I'm thinking it would make really interesting accents for bowls, etc. It glues well with epoxy, and it's no problem to finish, just polish to the sheen that you want.

Comments are welcome.

Larry


----------



## ripjack13 (Mar 3, 2016)

I have glued up a couple of pieces but I have yet to turn em into pens yet. I have a boatload of it too. I got some fairly large pieces from a cabinet shop a while ago for cheap. I have noticed it dulls the heck out of my bandsaw blade....


----------



## larry C (Mar 3, 2016)

ripjack13 said:


> I have glued up a couple of pieces but I have yet to turn em into pens yet. I have a boatload of it too. I got some fairly large pieces from a cabinet shop a while ago for cheap. I have noticed it dulls the heck out of my bandsaw blade....
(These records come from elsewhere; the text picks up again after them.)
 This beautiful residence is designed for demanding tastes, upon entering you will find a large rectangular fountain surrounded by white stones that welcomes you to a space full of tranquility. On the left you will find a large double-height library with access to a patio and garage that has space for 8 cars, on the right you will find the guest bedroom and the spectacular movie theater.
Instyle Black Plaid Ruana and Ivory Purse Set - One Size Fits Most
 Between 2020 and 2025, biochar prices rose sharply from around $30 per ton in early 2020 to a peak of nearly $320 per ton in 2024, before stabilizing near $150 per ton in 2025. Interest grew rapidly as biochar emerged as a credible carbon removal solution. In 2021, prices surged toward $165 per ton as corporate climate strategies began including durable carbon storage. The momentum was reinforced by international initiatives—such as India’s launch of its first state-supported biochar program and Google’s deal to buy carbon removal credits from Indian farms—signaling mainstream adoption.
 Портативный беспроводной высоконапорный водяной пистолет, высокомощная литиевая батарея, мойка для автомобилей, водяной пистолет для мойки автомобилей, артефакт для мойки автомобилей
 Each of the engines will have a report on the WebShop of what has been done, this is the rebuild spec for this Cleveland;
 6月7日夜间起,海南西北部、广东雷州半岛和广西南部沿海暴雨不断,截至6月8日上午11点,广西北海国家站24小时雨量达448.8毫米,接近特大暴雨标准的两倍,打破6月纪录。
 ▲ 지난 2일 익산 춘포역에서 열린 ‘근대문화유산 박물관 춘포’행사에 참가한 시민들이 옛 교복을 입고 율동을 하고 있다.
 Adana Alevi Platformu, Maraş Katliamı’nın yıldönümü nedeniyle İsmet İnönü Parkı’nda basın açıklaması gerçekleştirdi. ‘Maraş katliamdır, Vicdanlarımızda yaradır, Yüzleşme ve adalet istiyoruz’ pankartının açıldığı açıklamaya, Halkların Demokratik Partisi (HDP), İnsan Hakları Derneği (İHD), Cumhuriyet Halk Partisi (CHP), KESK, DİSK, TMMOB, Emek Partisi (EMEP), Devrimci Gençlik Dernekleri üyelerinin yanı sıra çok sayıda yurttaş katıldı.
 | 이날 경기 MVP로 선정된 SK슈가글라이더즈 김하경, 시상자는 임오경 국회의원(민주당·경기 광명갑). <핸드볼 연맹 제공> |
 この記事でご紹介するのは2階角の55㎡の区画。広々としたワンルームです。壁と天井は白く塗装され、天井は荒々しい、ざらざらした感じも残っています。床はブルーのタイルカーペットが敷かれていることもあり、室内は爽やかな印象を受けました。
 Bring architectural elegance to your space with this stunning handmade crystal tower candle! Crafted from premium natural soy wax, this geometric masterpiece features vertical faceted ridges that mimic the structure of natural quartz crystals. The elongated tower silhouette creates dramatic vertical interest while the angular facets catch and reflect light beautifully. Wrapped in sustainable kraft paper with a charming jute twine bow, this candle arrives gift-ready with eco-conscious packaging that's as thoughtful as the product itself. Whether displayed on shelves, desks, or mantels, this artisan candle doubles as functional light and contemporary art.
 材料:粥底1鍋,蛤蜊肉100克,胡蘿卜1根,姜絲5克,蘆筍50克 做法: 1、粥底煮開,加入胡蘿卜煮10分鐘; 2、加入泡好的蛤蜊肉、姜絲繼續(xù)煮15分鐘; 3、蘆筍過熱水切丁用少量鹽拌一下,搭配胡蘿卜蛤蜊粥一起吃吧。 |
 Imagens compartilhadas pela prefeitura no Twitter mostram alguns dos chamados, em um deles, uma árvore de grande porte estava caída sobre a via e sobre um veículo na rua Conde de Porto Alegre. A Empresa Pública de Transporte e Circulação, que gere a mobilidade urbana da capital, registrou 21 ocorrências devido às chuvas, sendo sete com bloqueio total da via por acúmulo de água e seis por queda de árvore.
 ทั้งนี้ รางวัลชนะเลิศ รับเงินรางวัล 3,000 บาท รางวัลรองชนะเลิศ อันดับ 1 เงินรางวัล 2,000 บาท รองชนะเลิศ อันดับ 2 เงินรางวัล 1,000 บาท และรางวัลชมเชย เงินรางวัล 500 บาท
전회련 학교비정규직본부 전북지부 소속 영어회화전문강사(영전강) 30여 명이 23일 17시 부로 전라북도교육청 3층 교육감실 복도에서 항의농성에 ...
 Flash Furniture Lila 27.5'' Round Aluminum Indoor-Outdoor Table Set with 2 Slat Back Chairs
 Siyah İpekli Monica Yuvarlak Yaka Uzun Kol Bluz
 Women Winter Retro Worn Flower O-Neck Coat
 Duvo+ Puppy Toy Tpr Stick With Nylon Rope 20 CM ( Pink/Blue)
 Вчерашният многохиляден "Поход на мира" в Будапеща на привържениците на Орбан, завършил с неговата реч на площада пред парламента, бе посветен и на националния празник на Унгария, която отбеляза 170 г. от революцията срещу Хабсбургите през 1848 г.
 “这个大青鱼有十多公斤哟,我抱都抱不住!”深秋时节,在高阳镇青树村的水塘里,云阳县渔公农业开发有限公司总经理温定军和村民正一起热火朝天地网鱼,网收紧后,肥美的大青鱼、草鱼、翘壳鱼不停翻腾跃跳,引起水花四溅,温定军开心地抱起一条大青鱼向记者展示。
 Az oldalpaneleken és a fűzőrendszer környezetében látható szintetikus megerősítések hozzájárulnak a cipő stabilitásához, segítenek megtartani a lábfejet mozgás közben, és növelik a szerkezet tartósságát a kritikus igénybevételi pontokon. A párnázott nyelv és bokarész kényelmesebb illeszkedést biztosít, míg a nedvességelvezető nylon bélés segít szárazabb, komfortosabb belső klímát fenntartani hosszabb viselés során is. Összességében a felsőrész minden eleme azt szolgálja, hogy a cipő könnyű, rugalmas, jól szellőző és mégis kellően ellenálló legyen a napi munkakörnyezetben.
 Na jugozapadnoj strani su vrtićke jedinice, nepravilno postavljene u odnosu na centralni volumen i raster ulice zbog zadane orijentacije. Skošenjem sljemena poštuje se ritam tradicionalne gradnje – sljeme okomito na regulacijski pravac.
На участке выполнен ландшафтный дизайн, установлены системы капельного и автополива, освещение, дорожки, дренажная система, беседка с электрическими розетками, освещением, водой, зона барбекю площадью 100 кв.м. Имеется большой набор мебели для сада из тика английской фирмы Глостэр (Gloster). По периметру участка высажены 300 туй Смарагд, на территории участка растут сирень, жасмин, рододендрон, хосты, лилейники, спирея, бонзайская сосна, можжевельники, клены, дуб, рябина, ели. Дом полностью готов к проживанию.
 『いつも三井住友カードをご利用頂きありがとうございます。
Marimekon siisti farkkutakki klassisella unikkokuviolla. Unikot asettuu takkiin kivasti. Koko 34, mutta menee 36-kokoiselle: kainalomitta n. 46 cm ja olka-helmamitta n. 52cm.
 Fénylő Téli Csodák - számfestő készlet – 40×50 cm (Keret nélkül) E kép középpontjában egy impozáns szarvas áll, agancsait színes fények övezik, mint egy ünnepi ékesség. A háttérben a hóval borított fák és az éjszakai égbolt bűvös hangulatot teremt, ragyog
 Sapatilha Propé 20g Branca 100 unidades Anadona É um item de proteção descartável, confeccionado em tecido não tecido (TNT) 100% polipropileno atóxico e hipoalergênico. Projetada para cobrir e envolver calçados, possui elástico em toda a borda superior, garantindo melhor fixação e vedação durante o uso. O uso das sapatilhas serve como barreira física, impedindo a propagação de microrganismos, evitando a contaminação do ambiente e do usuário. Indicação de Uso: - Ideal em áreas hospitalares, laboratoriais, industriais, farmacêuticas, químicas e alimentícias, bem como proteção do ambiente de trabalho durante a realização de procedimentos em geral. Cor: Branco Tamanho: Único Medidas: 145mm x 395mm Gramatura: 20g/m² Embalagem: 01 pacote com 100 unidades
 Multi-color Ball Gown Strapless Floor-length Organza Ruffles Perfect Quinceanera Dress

I usually cut it with the table saw and a carbide blade. I have cut on the bandsaw, with a regular steel blade, but prefer the table saw. I've been tempted to get a carbide tipped bandsaw blade, but just haven't done it..
Let me know how your pen turning goes. I do have carbide gauges for the lathe, I think they'll work fine..

Larry

Reactions: Like 1


----------



## robert flynt (Mar 3, 2016)

larry C said:


> Question for the day....
> 
> I've got some Corian cutoffs that I've had for some long time. Thicknesses are 1/4" and 1/2", it's great for fixtures and jigs in the shop, but I'm wondering if any of y'all have tried to use it in segmented turnings, both open and closed segments.
> I'm thinking it would make really interesting accents for bowls, etc. It glues well with epoxy, and it's no problem to finish, just polish to the sheen that you want.
> ...


Have seen it used for knife handles on occasion.

Reactions: Thank You! 1


----------



## ripjack13 (Mar 3, 2016)

larry C said:


> I usually cut it with the table saw and a carbide blade. I have cut on the bandsaw, with a regular steel blade, but prefer the table saw. I've been tempted to get a carbide tipped bandsaw blade, but just haven't done it..
> Let me know how your pen turning goes. I do have carbide gauges for the lathe, I think they'll work fine..
> 
> Larry



Oh...I might have to look into that. The less I use my tablesaw the happier I am...

Reactions: Agree 1


----------



## woodman6415 (Mar 3, 2016)

Have used solid surface many times for turning ...pens ... Bottle stoppers ... Bowls ... Make sure to use plenty of glue ... I use thick ca ... Sometimes I might use epoxy .... Don't use excessive clamping force ... You will squeeze out all the glue .... Very sharp tools ... Don't force the cuts ... I use carbide cutters

Reactions: EyeCandy! 1 | Way Cool 2


----------



## larry C (Mar 3, 2016)

robert flynt said:


> Have seen it used for knife handles on occasion.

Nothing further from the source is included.